“The great question that has never been answered and which I have not yet been able to answer, despite my 30 years of research into the feminine soul, is, What does a woman want?”
--Sigmund Freud
What do females really want from a man? It's still a conundrum under intense investigation. We have been schooled to believe they seek a monogamous relationship with someone possessing healthy, strong male genes. We have been told they want romantic love, security, emotional closeness, and lots of money. Research can support all of those things; however, some other recent studies claim female sexual desire is powerful, flexible, complex -- and even subversive.
Perhaps we must re-evaluate old notions of sexuality and desire.
1. Developmental psychologist Lisa Diamond of the University of Utah found that many women experience their sexual interests as fluid and open, encompassing at different times men or women, or both.
“In 1997, the actress Anne Heche began a widely publicized romantic relationship with the openly lesbian comedian Ellen DeGeneres after having had no prior same-sex attractions or relationships. The relationship with DeGeneres ended after two years, and Heche went on to marry a man.”
--Lisa Diamond , from her book Sexual Fluidity: Understanding Women’s Love and Desire
Diamond's findings suggest that "there are, in fact, appreciable boundaries between the long-term developmental trajectories of lesbian, bisexual, and unlabeled women, but these boundaries are relatively fluid. Hence, the present study supports the notion of bisexuality as a third type of sexual orientation and also supports the notion of bisexuality as a capacity for context-specific flexibility in erotic response."
(Lisa M. Diamond. "Female Bisexuality From Adolescence to Adulthood: Results From a
10-Year Longitudinal Study." Developmental Psychology, Volume 44. 2008.)
Overall, the most commonly adopted identity found in the study was “unlabeled.” Bisexual/unlabeled women had stable overall distributions of same-sex/other-sex attractions but greater absolute fluctuations in attractions from assessment to assessment than lesbians. All women reported declines in their ratio of same-sex to other-sex behavior over time.
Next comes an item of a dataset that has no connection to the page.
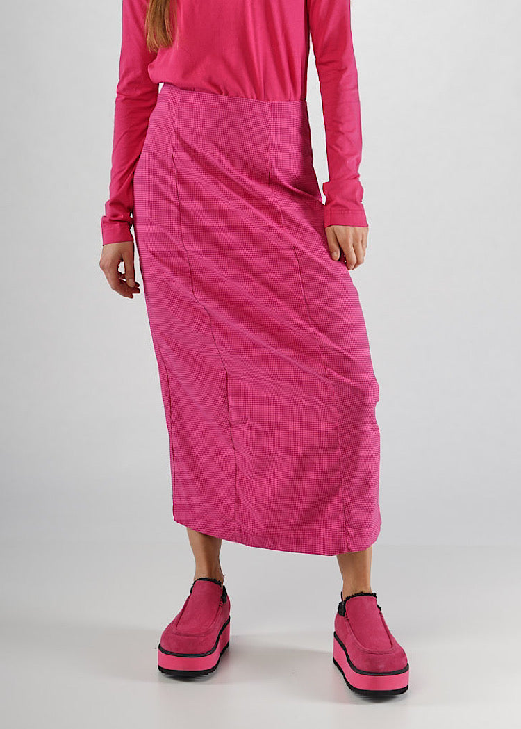 A staple techno skirt with signature RUNDHOLZ BLACK LABEL shaping, in a comfortable stretch Viscose-Mix material and printed with a micro-check pattern. The skirt is a pull on style with stretch to enable a comfortable fit.

These findings demonstrate that "the distinction between lesbianism and bisexuality is a matter of degree rather than kind."
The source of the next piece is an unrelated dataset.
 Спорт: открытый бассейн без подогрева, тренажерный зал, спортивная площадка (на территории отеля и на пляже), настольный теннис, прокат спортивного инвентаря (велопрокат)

Diamond's work supports the idea that female desire may be dictated -- even more than popular perception would have it -- by intimacy, by emotional connection. She doesn’t claim that women are without innate sexual orientations. But she sees significance in the fact that many of her subjects agreed with the statement “I’m the kind of person who becomes physically attracted to the person rather than their gender.”
What might redirect female erotic attraction? Diamond suggests, an answer may be found in oxytocin, a neurotransmitter unique to mammalian brains. The chemical’s release has been shown, in humans, to facilitate feelings of trust and well-being, and in female prairie voles, a monogamous species of rodent, to connect the act of sex to the formation of faithful attachments. Judging by experiments in animals, and by the transmitter’s importance in human childbirth and breast feeding, the oxytocin system, which relies on estrogen, is much more extensive in the female brain.
What Do Women Want?" The New York Times. January 22, 2009.)
2. Richard Lippa of California State University has found that unlike men, whose sexual appetite narrows as it increases, sexually charged women display an increasingly open orientation. Women with higher libidos are more likely to feel desire toward members of both sexes. In plain words, the higher a woman’s sex drive, the more she desires both men and women.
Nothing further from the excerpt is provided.